++++ INFORMATION SHOWN ++++

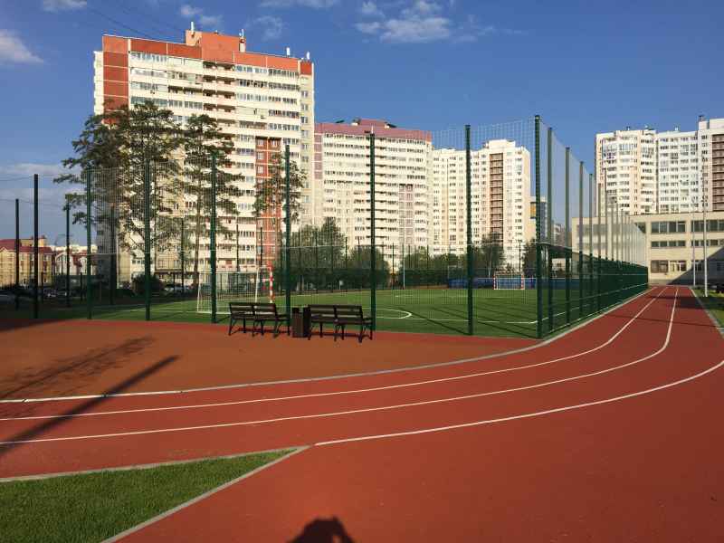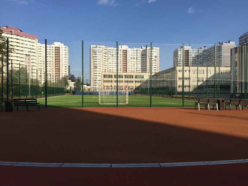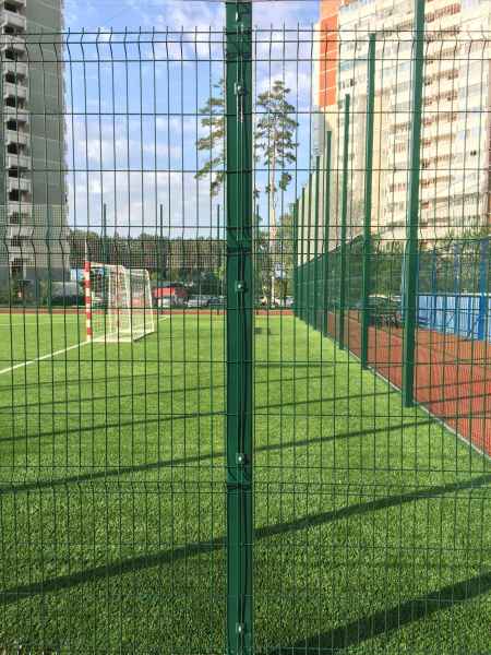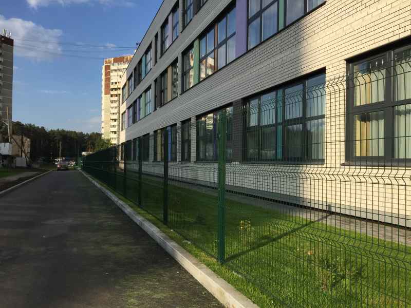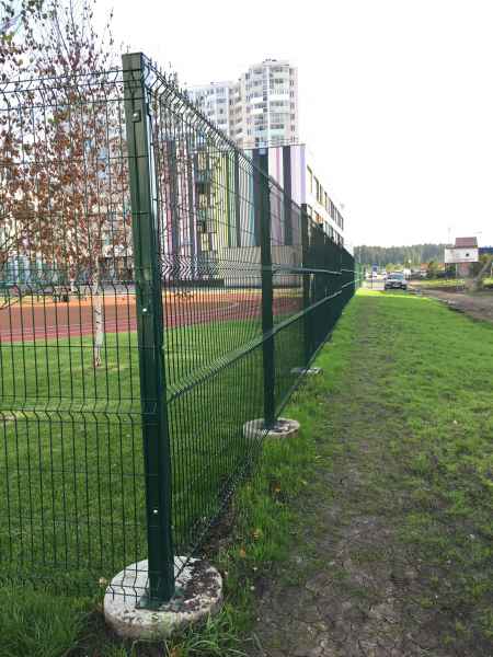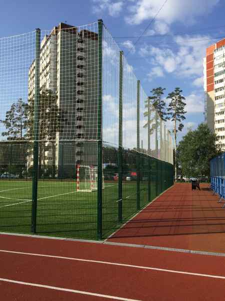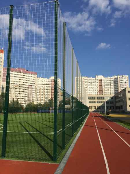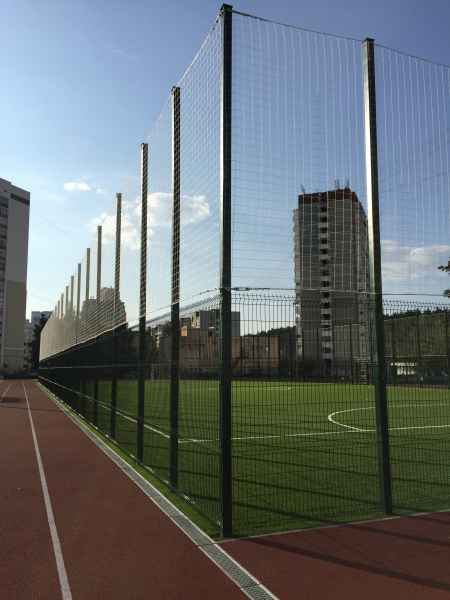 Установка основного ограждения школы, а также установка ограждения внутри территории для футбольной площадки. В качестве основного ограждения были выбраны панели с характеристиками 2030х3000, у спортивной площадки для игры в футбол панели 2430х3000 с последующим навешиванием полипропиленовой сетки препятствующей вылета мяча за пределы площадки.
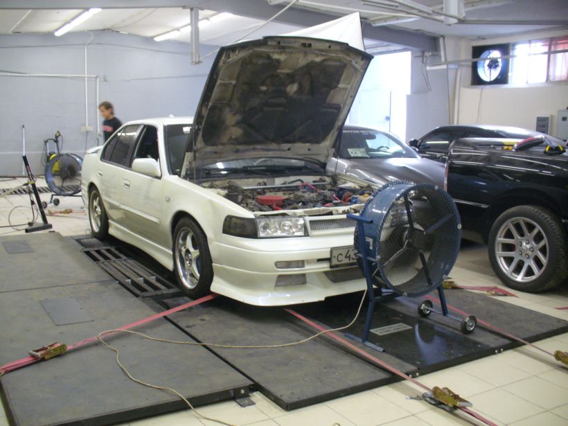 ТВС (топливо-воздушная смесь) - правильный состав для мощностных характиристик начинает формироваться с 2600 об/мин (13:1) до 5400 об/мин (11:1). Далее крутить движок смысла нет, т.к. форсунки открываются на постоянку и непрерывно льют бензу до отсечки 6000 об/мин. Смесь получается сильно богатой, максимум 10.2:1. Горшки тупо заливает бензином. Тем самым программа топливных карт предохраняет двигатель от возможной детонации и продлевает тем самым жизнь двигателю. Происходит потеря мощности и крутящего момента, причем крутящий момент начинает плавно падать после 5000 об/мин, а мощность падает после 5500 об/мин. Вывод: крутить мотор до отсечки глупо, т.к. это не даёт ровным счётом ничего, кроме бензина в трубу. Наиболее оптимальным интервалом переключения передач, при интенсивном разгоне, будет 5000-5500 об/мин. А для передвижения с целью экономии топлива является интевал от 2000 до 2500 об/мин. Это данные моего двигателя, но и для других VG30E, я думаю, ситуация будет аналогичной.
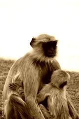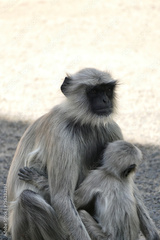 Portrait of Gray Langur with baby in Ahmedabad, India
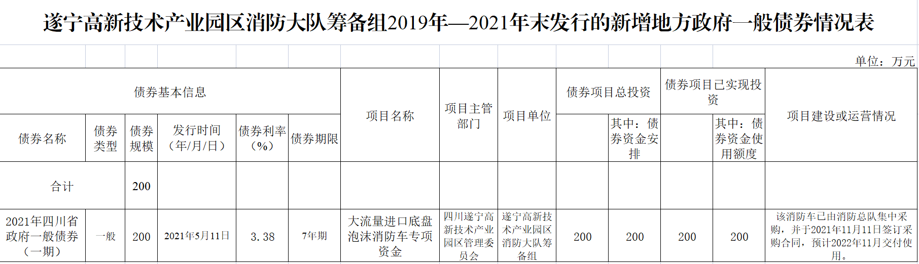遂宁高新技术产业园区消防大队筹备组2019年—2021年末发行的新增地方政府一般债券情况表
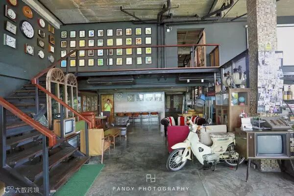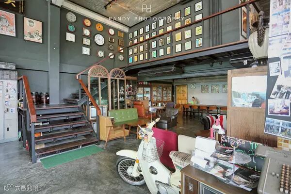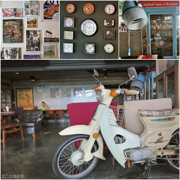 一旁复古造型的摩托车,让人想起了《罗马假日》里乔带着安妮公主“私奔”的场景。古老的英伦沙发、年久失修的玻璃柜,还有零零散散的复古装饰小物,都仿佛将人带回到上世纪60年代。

++++

> **BRIEF**
Each entry should appear again exactly as written, pictures excluded.

> **OUTPUT OF THE TASK**
 Установка основного ограждения школы, а также установка ограждения внутри территории для футбольной площадки. В качестве основного ограждения были выбраны панели с характеристиками 2030х3000, у спортивной площадки для игры в футбол панели 2430х3000 с последующим навешиванием полипропиленовой сетки препятствующей вылета мяча за пределы площадки.
 ТВС (топливо-воздушная смесь) - правильный состав для мощностных характиристик начинает формироваться с 2600 об/мин (13:1) до 5400 об/мин (11:1). Далее крутить движок смысла нет, т.к. форсунки открываются на постоянку и непрерывно льют бензу до отсечки 6000 об/мин. Смесь получается сильно богатой, максимум 10.2:1. Горшки тупо заливает бензином. Тем самым программа топливных карт предохраняет двигатель от возможной детонации и продлевает тем самым жизнь двигателю. Происходит потеря мощности и крутящего момента, причем крутящий момент начинает плавно падать после 5000 об/мин, а мощность падает после 5500 об/мин. Вывод: крутить мотор до отсечки глупо, т.к. это не даёт ровным счётом ничего, кроме бензина в трубу. Наиболее оптимальным интервалом переключения передач, при интенсивном разгоне, будет 5000-5500 об/мин. А для передвижения с целью экономии топлива является интевал от 2000 до 2500 об/мин. Это данные моего двигателя, но и для других VG30E, я думаю, ситуация будет аналогичной.
 Portrait of Gray Langur with baby in Ahmedabad, India
遂宁高新技术产业园区消防大队筹备组2019年—2021年末发行的新增地方政府一般债券情况表
 一旁复古造型的摩托车,让人想起了《罗马假日》里乔带着安妮公主“私奔”的场景。古老的英伦沙发、年久失修的玻璃柜,还有零零散散的复古装饰小物,都仿佛将人带回到上世纪60年代。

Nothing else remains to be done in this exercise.